Imaginez une émission de télé-réalité où douze immigrés « légalement présents » sur le sol américain débarquent sur un bateau à Ellis Island. Là, sans ironie, une voix off en Dolby Surround vous annonce : « Qui aura ce qu’il faut pour devenir… AMÉRICAIN ? » Bienvenue dans The American, le dernier fantasme télévisuel issu de l’esprit entrepreneurial — ou délirant — de producteurs soutenus (ou du moins pas fermement désavoués) par l’administration Trump.
La citoyenneté comme trophée, version Hunger Games
Le concept ? Une compétition à travers les États-Unis, à bord d’un train baptisé The American — ça ne s’invente pas — dans laquelle les candidats passent une série d’épreuves mettant en valeur leur mérite, leur loyauté et, tant qu’à faire, leur habileté à réciter la Déclaration d’indépendance en apnée. L’unique gagnant remporterait la citoyenneté américaine, les autres… rien. Pas même un lot de consolation ou un ticket retour.
C’est ainsi que l’Amérique du spectacle réinvente l’intégration : en la transformant en prime time, entre The Apprentice et Survivor, mais version « parcours d’humiliation filtré par drone ». L’idée ? Montrer que le rêve américain se mérite. Une manière élégante d’habiller une politique migratoire brutale avec des paillettes, du montage serré et une musique épique.

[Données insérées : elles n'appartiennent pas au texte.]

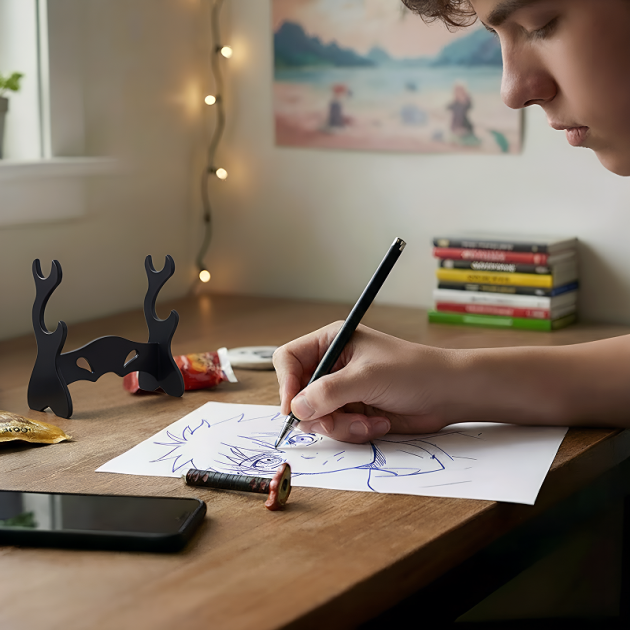 Katana-kynäteline pitää tyttäreni työpöydän todella siistinä. Hän haluaa pitää erityisen kynänsä esillä vihkojensa vieressä.

Quand Kafka rencontre Netflix
Ce projet aurait pu rester un délire de scénariste frustré. Mais le Département de la Sécurité intérieure (DHS) a bel et bien été approché pour y participer. Pire : il a reconnu « étudier le projet » dans le cadre de ses « efforts de communication ». Autrement dit, l’État fédéral envisage de sous-traiter la solennité du droit du sol à des producteurs de reality TV. Kafka lui-même n’aurait pas osé.
Rob Worsoff, le producteur à l’origine du show, promet qu’il ne s’agira ni d’un cirque ni d’un Hunger Games. À croire que poser cette phrase est déjà en soi une alarme. Car enfin, quel degré de décence faut-il avoir perdu pour concevoir la citoyenneté comme une récompense télévisuelle, une sorte de César ou d’Oscar du bon immigrant ?
Le triomphe du cynisme politique
Soyons clairs : ce programme ne sort pas de nulle part. Il est l’enfant illégitime du culte du mérite, de l’obsession sécuritaire et du populisme médiatique. Il pousse jusqu’à l’absurde une logique déjà bien ancrée : celle qui considère que l’immigrant doit faire la preuve, en permanence, de son utilité. Être médecin ne suffit plus ; il faut désormais être télégénique.
Ce projet est aussi un aveu. Celui d’une Amérique en perte de repères, qui doute de sa propre légitimité au point de devoir scénariser l’arrivée de nouveaux citoyens comme une épreuve de Ninja Warrior. Le passeport devient alors le Graal, le décor un parc d’attractions, et le pays une entreprise de divertissement sur fond d’idéologie triée sur casting.
Une dystopie bien réelle
Dystopique ? Évidemment. Indécent ? Totalement. Mais plausible, dans un monde où les frontières sont gérées comme des franchises et où le slogan Make America Great Again rime avec Make Reality Great Again. Et comme le note The New York Times, ce n’est pas une première : en 2003, la Fox avait déjà tenté un projet similaire, vite abandonné sous la pression de l’opinion. Vingt ans plus tard, l’opinion a changé. Ou s’est lassée de s’indigner.
The American est peut-être encore au stade de pitch. Mais il dit déjà tout d’une époque où la dignité devient monétisable, la souffrance divertissante, et l’identité nationale un badge à décrocher après une épreuve d’immunité. Ce n’est plus de la télé-réalité. C’est du théâtre de la cruauté, version patriotique.
Et à la fin, il n’en restera qu’un. C’est-à-dire, un citoyen. Les autres ? Ils pourront toujours tenter leur chance dans la saison 2. S’ils ne sont pas expulsés d’ici là.